Ренье бестолково помотал головой, будто она и впрямь отяжелела, сам же исподтишка наблюдал за субдиаконом. При каждом названном имени тот бледнел все сильнее. Пикардиец продолжал пить и балагурить, а его речь становилась все громче и бессвязней. Гримасничая, он поднес палец ко рту, потом снова коснулся запястья.
— Мы ведь так делали, мэтр Якоб? Я ничего не забыл. «Поручение, что дано нам никем иным, а только лишь Господом, мы обязуемся выполнить до конца», — в этом мы присягали Единому… Что ж, я прошел путь между «тем, что вверху» и «тем, что внизу». Я видел звезду в небе и цветы на невспаханном поле.

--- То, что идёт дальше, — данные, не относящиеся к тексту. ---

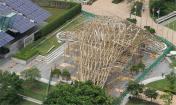 竹亭的高度相等于四層樓高、覆蓋面積為350平方米、是一個可容納二百個座位的大跨度彎曲主導網(wǎng)架結(jié)構(gòu)。
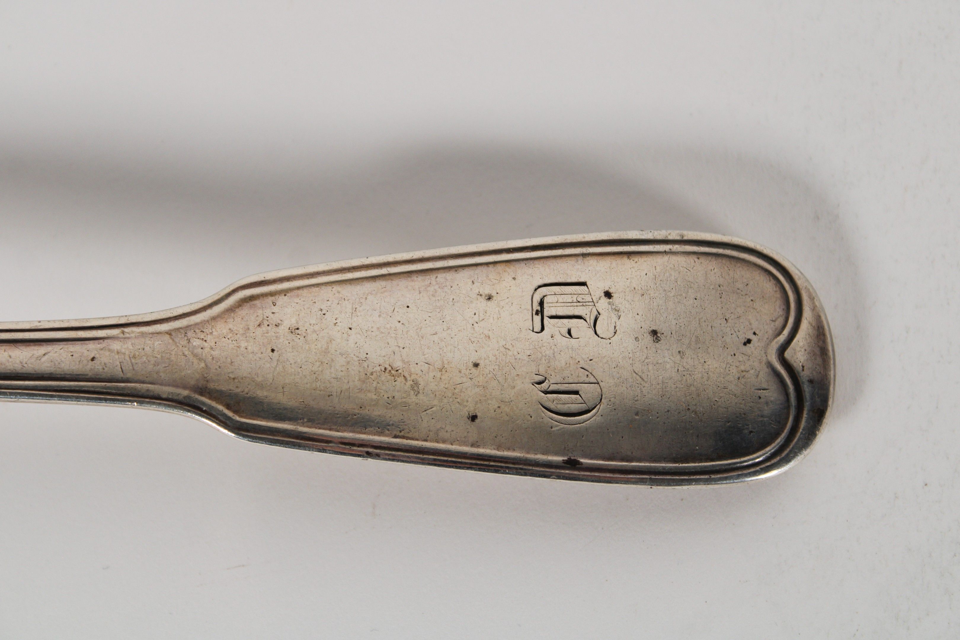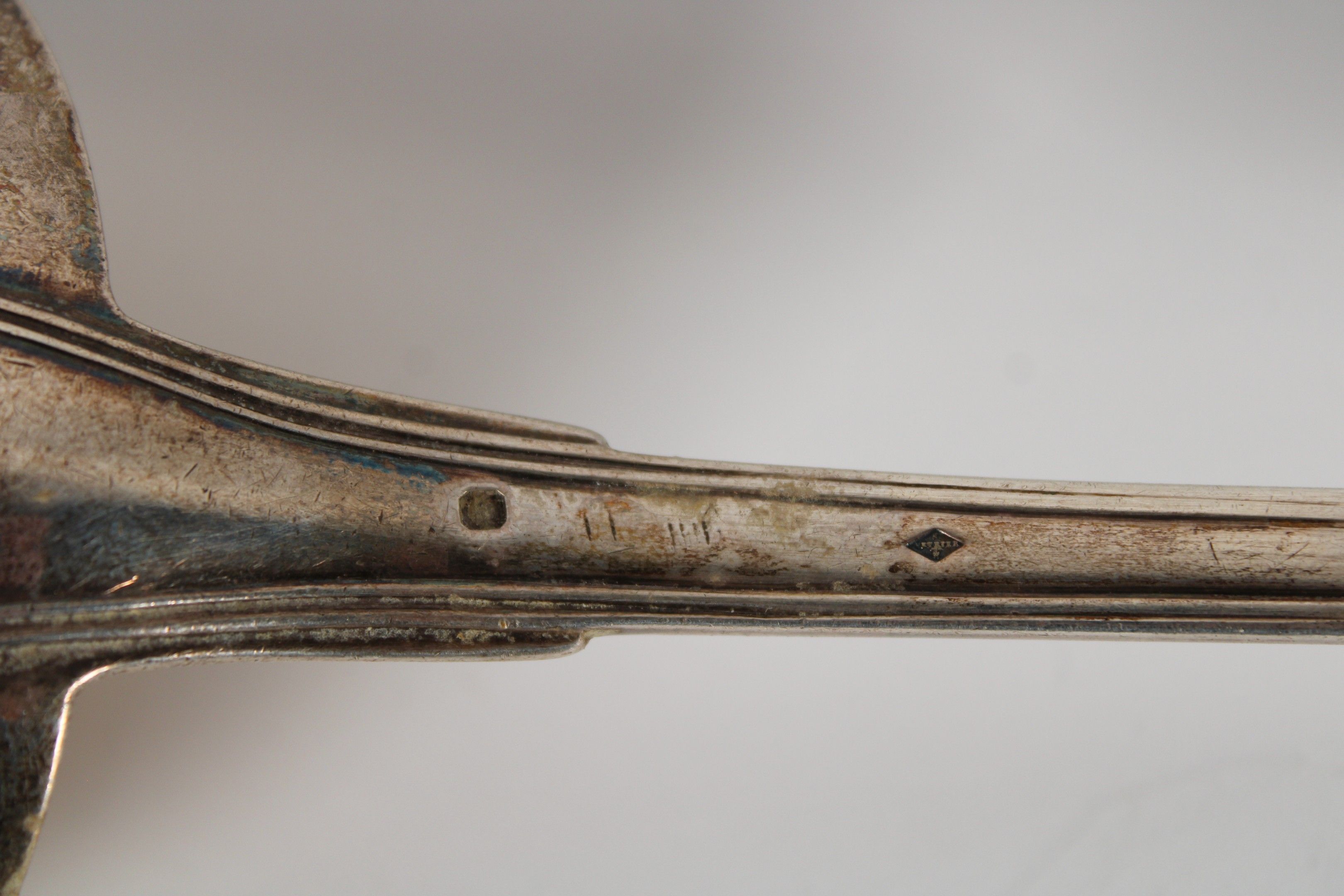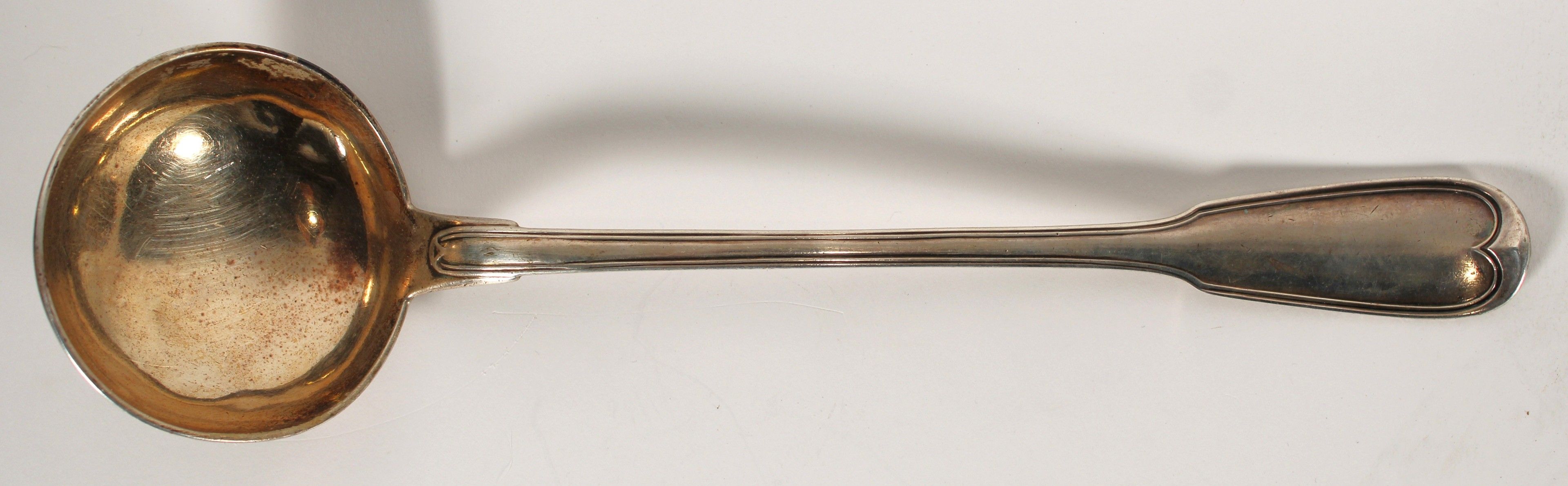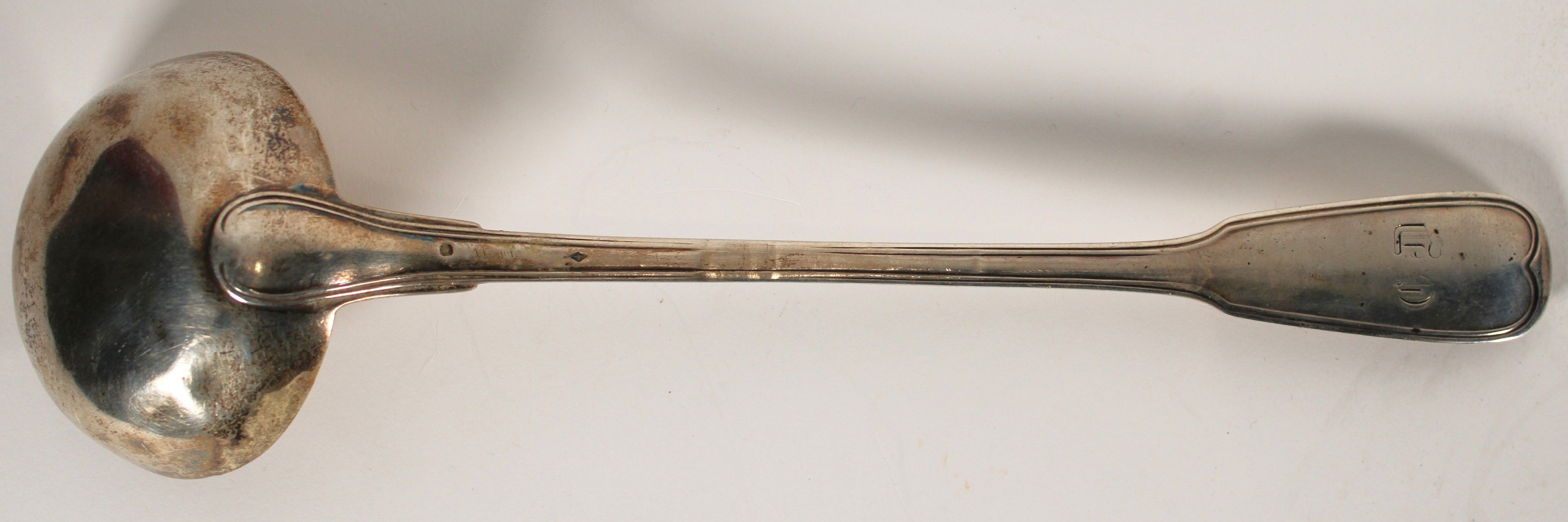 - Une louche en argent monogrammé CD. Poinçons Minerve et de maître orfèvre. (marques d'usage)

Скажи, святой Антоний до сих пор держит над нами щит?
Субдиакон подпрыгнул, как ужаленный.
— Хватит! Ты не в себе, сам не ведаешь, что говоришь…
Ренье обхватил его за плечи и заставил сесть рядом с собой.
— Радость моя — говорить, делать, молчать, — прошептал он, тяжело дыша ему в ухо.
— Золотые слова, мэтр Ренье, — ответил Якоб. — В закрытый рот и муха не влетит — да будет так. А теперь прошу, дай мне уйти — меня ждут важные дела.
— Я пойду с тобой, — сказал пикардиец.
— Право, не стоит, — произнес субдиакон.
— Ты идешь в Лакенхал, я тоже — стало быть, нам по пути.
— Мэтр Ренье, наши пути давно разошлись, — сказал Якоб. — Не хотел печалить тебя, но многое изменилось, с тех пор как ты покинул нас. Дирка ван Бовен лишили лицензии и изгнали из города без малого год назад. Со старым Антониусом проделали бы то же самое, но по милости Божьей еще раньше его доконала водянка. Михель Ламбо сбежал к французам. Многие думали, что и ты неспроста оставил Лёвен. Увы, святой Антоний более не наш сюзерен. Того, о чем ты говоришь, не стало, говорить, и даже вспоминать об этом — опасно.
— Но почему? — спросил Ренье, слушавший очень внимательно. Якоб прошептал:
— Потому что собака, открывшая пасть, получает расплавленный свинец в глотку… — И он вскочил и выбежал из трактира, прежде чем Ренье успел его удержать.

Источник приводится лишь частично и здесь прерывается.